Complexity in software development
Introduction
In software development, we encounter a lot of challenges that can affect the efficiency and quality of our work. Throughout my career in software, I've observed some recurring themes that often lead to unnecessary complexity, over-engineering, and technical debt in large software systems. While it's tempting to consider these issues in isolation, they're really interconnected, and their combined effects not only add together, but can be multiplicative. Here are some of my insights from 25+ years as a software person.
Lack of refactoring
Refactoring is an integral part of software development, yet it's too often overlooked. In short, it involves restructuring existing code without changing its external behavior. The absence of regular refactoring leads to a gradual increase in technical debt, a concept that reflects the extra development work arising from choosing an easy, limited solution right now, instead of using a better approach that would take longer.
Just over 10 years ago, I was invited to carry out an architectural review of a system for a team in the automotive industry, that struggled with slow development speed and low software quality. The team had avoided refactoring, in part due to time constraints, but also because they were not used to modern Agile principles in software development. Over time, the codebase became so spaghettified that adding new features or fixing bugs became almost impossible.
Premature generalization
Donald Knuth famously said "Premature optimization is the root of all evil." In my experience, this is still true, but I find premature generalization even worse. Developers, sometimes make code generalized and configurable, eager to impress or out of a misplaced sense of "correctness", long before it is really known that the code needs to be generic, because "best practices" say so. This leads to complex, hard-to-maintain code, where the Shotgun Surgery antipattern drags productivity down to a complete halt.

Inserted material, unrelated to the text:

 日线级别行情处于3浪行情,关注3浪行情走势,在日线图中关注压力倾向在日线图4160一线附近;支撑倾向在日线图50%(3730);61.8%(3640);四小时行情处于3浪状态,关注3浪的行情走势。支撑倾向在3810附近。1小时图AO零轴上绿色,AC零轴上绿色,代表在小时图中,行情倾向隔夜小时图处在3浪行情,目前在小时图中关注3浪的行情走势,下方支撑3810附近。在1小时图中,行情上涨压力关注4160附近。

It is always important to find a balance between generalization and readability. I can't count the number of projects I have been involved in where developers had introduces interfaces and factory patterns and configurability, but only one single concrete implementation was ever used. This inevitably led to a codebase that was very flexible, but nearly impossible for new team members to understand.

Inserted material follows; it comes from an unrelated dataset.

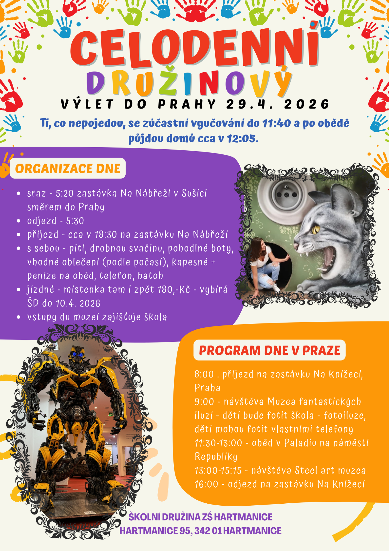 9:00 - návštěva Muzea fantastických iluzí - děti bude fotit škola - fotoiluze, děti mohou fotit vlastními telefony

Pressure to deliver quickly
Software development's primary goal is to deliver business value. In a competitive world, time is often a make-or-break factor. However, the pressure to deliver quickly can lead to cutting corners. Quick fixes might seem like a good idea under time constraints, but they result in growing technical debt. I've seen projects where the push to release early led to significant post-launch issues that could have been avoided with a more measured approach. Then crashes and performance issues are often blamed on *"the software team"*, and the responsibility to fix the issues is seen as a cost item in the books.

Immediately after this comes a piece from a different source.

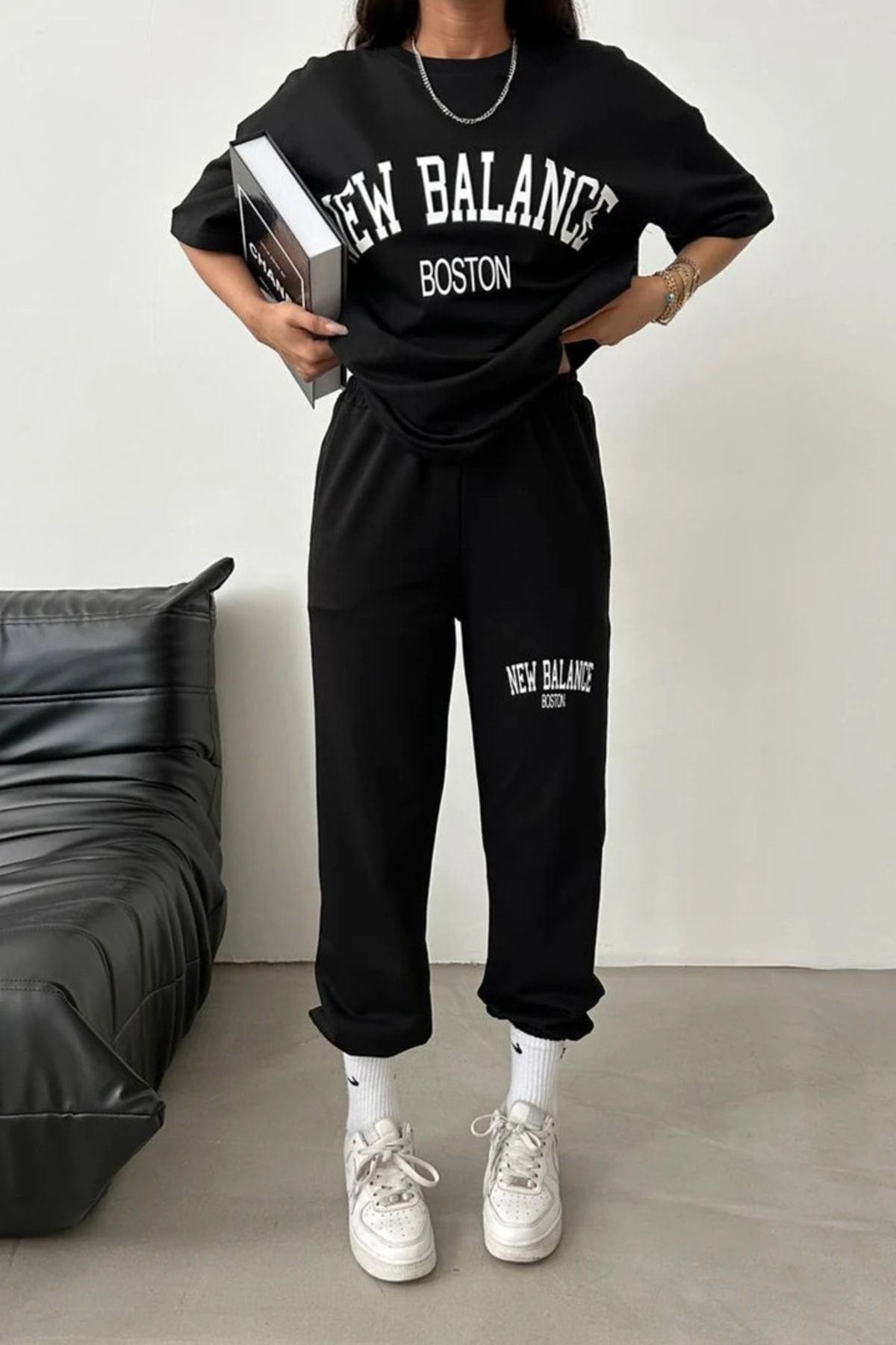 Balance Boston T-shirt Eşofman Altı Jogger- Siyah Baskı Alt Üst Eşofman Takım Oversize Bisiklet Yak

Insufficient documentation and knowledge sharing
The importance of documentation and knowledge sharing cannot be overstated. They are one of the pillars of effective team collaboration, especially in complex business environments. When knowledge is siloed or documentation is outdated, the entire team's productivity suffers. New members struggle to get up to speed, and existing members waste time deciphering the codebase. Collaborative tools and practices are essential in fostering an environment where knowledge flows freely.
Weaving it all together
The interplay between all of these aspects can create a challenging environment. For example, the pressure to deliver quickly often leads to a lack of testing and insufficient documentation. Similarly, premature optimization can make future refactoring efforts more challenging, increasing technical debt.
As a software architect, my role is not just about designing systems but also about nurturing the processes and practices that lead to sustainable and maintainable software development. It involves advocating for time to refactor, resisting the urge to generalize and optimize prematurely, and ensuring that documentation and knowledge sharing are integral parts of the development process.
Conclusion
The path to efficient and effective software development is not linear. It requires a continuous balance and reassessment of our practices. As someone who has navigated these waters for a quarter of a century, I've learned that the key is not just in understanding these challenges but in actively working to integrate solutions into every phase of the software development lifecycle. By doing so, we can build not just software, but also teams and processes that are resilient, adaptable, and ultimately more successful.